## Directions
What are the lines, word for word, from the line with "Questo adattatore multiporta" up to and including the line with "reportes de venta" in the records below? Omit the pictures.

Extracted records:
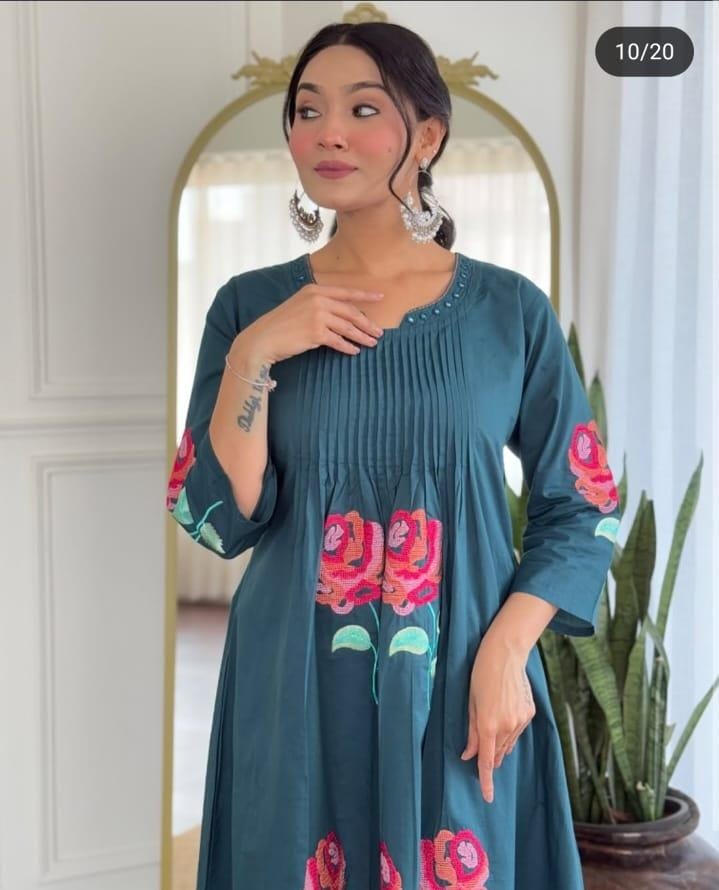 Elevate your ethnic wardrobe with this Embroidery Aari Work Special Cord-Set. Designed in premium cotton 60*60 fabric, this 2-piece set is adorned with exquisite aari embroidery on both front and back, offering a blend of tradition and modern elegance. Perfect for festive gatherings, casual outings, or statement everyday wear, it ensures both comfort and sophistication.
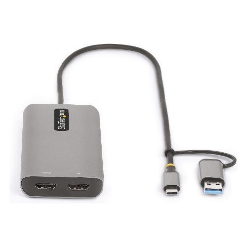 Questo adattatore multiporta USB Type-C e USB Type-A trasforma quasi tutti i computer portatili o desktop in una workstation ad alta produttività, che supporta due schermi HDMI esterni e dispone di un hub USB a 3 porte. Il Mini Dock è dotato di un cavo host USB-C integrato di 40 cm e include un adattatore USB-C a USB-A collegato, in modo da poter supportare sia computer host USB-C che USB-A.
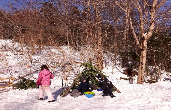 Make snow angels, participate in snowman races, go on a wild scavenger hunt, gather natural materials for crafting and participate in other games “as we make them up.”
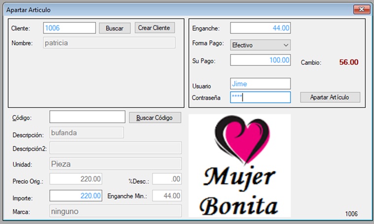 * Venta, apartado de artículos, reportes de venta
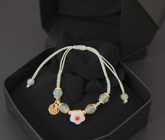 Esta delicada pulsera combina la fuerza protectora del cordón verde con la serenidad de las cuentas verdes de jade, símbolo de equilibrio y prosperidad. En el centro, una flor blanca adornada con un detalle dorado y cristal rojo ilumina la pieza, atrayendo pureza, amor sincero y renovación en cada etapa de la vida. El toque dorado representa la abundancia y la conexión con la energía del cielo, convirtiendo esta joya en un amuleto ideal para quienes buscan fortuna, amor duradero y protección energética en su día a día.

## Output for this task
 Questo adattatore multiporta USB Type-C e USB Type-A trasforma quasi tutti i computer portatili o desktop in una workstation ad alta produttività, che supporta due schermi HDMI esterni e dispone di un hub USB a 3 porte. Il Mini Dock è dotato di un cavo host USB-C integrato di 40 cm e include un adattatore USB-C a USB-A collegato, in modo da poter supportare sia computer host USB-C che USB-A.
 Make snow angels, participate in snowman races, go on a wild scavenger hunt, gather natural materials for crafting and participate in other games “as we make them up.”
 * Venta, apartado de artículos, reportes de venta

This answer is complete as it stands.